== ASSIGNMENT ==
Repeat the data below exactly, dropping any pictures it holds.

== SOURCE MATERIAL ==
---*---
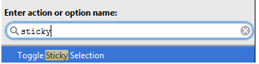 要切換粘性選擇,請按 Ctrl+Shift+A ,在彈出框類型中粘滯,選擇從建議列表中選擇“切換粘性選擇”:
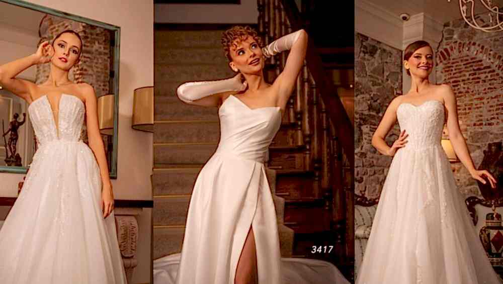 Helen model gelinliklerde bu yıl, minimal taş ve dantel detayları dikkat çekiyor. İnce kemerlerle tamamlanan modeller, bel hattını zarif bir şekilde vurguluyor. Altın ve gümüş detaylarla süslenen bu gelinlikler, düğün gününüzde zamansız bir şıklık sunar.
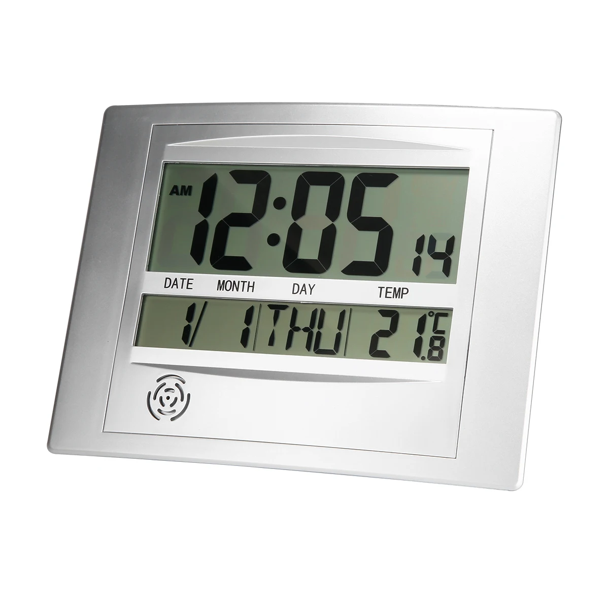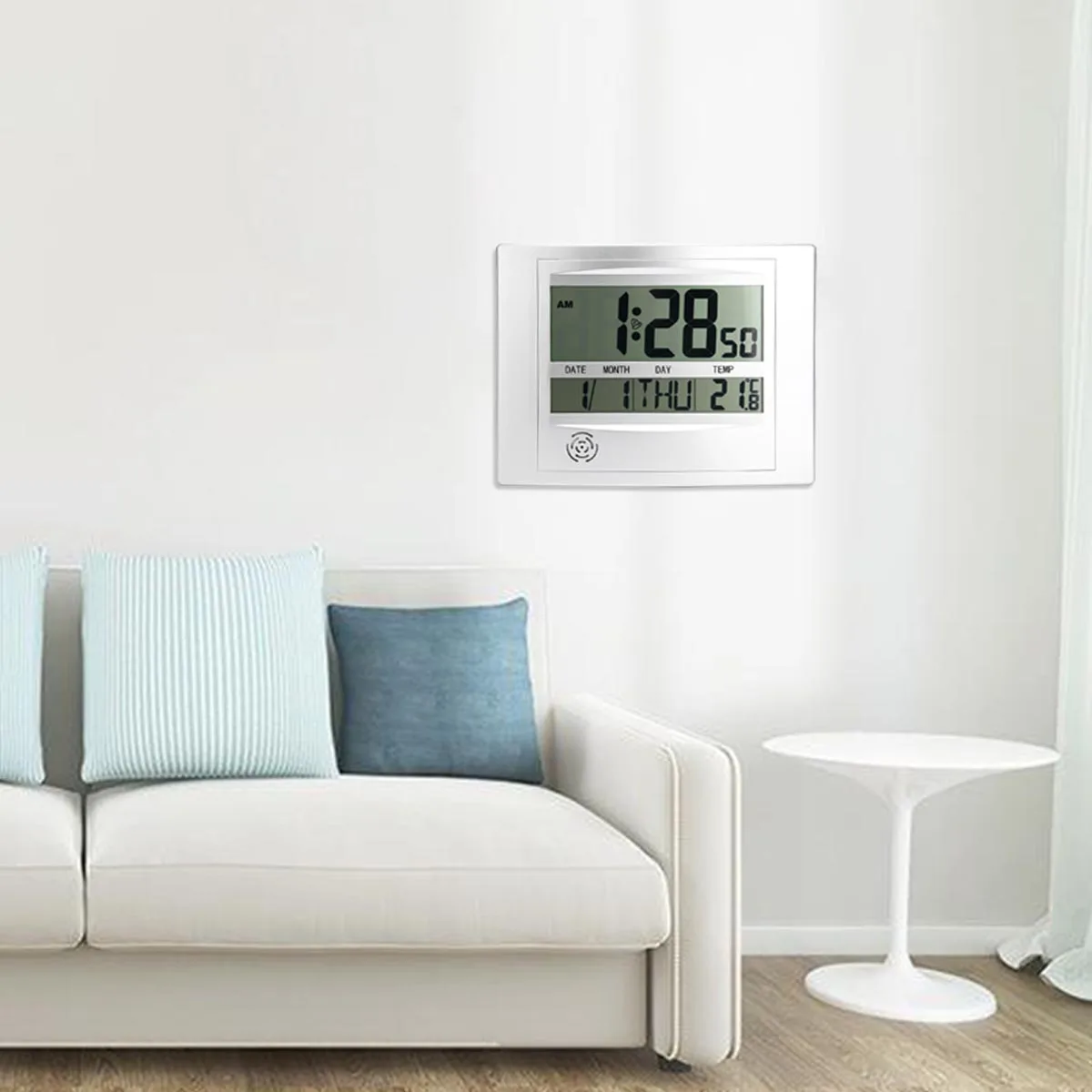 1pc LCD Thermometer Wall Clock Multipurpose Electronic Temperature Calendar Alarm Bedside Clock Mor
---*---
== TASK ANSWER ==
 要切換粘性選擇,請按 Ctrl+Shift+A ,在彈出框類型中粘滯,選擇從建議列表中選擇“切換粘性選擇”:
 Helen model gelinliklerde bu yıl, minimal taş ve dantel detayları dikkat çekiyor. İnce kemerlerle tamamlanan modeller, bel hattını zarif bir şekilde vurguluyor. Altın ve gümüş detaylarla süslenen bu gelinlikler, düğün gününüzde zamansız bir şıklık sunar.
 1pc LCD Thermometer Wall Clock Multipurpose Electronic Temperature Calendar Alarm Bedside Clock Mor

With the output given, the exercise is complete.